# Common fish food brands--flake food



## t2000kw (Jul 29, 2006)

I was wondering if there was any scientific data on the quality of the common brands of flake fish foods (and perhaps others, like crumbles, etc.) available to the average aquarium owner?

I do realize that location might play a part--does the food sit in a hot warehouse before it gets stocked in the cooler store? For example, I picture Tetra Min flake food sold at Wal Mart sitting around in hot conditions longer than for a regular aquarium fish store, though the price seems to be considerably lower.

Anyway, the fish foods that I have access to locally or in a nearby city 1 hour away are these:

Omega One
Hikari
Tetra Min
Wardley's

My opinion is that they are listed above in the order of quality except perhaps Hikari vs. Omega One, where I find the Omega One price lower but the quality at least (if not better) than Hikari. 

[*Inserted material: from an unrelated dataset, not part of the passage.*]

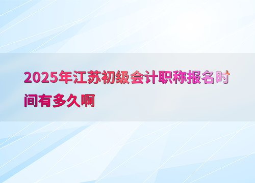 2025年江苏初级会计职称的报名时间为1月7日至1月24日12:00。

The problem is that his is subjective. I look for a rancid or fresh odor coming from the container, how readily the fish go after the food, etc., as an indicator, and this is not a scientific method of determining food quality. 

I recently was faced with an hour trip (each way, two hours total) to Columbus to get some of the "better" stuff and ended up buying Tetra Min flake food locally to save the trip. I was surprised at how fresh it smelled. I deliberately did not buy it at Wal Mart and instead bought it at a local pet shop that has a bank of aquariums but is not as popular as Petland. I also paid a couple dollars more there, but I thought that it was probably fresher than that from Wal Mart.

Is this latter part sound reasoning, or does Wal Mart quickly put their fish food on the shelves when considering that it gets to the store via distribution centers across the nation?

Would I do just as well to buy the cheaper Tetra Min at Wal Mart and save the money?

Opinions are welcome, but I'll seriously consider facts.

And I'm not looking to bash Wal Mart here. While I don't think I'd buy fish from a place where the sale of fish is not a real priority, they do have perhaps the best guarantee around: 90 days on their fish.


----------



## crash_kt (Aug 8, 2007)

If im right Wal-mart seals there tetra food but thats were i live it might be differnt there.


----------



## eklikewhoa (Jul 24, 2006)

I only feed my fish NewLifeSpectrum.


----------



## elaphe (Aug 24, 2006)

I feed New Life Spectrum Small Fish Formula for the staple. For supplements I feed Ocean Nutrition Freshwater Community Formula flakes and Cyclops-ezze flakes.

I tried the ADA foods. My fish would eat them just fine, but they lost almost all their color. The NLS really brings out the colors and the Cyclops-ezze flakes really bring out the reds. If it wasn't so "rich", I would feed this for the staple. They recommend only 20% of the diet be this food.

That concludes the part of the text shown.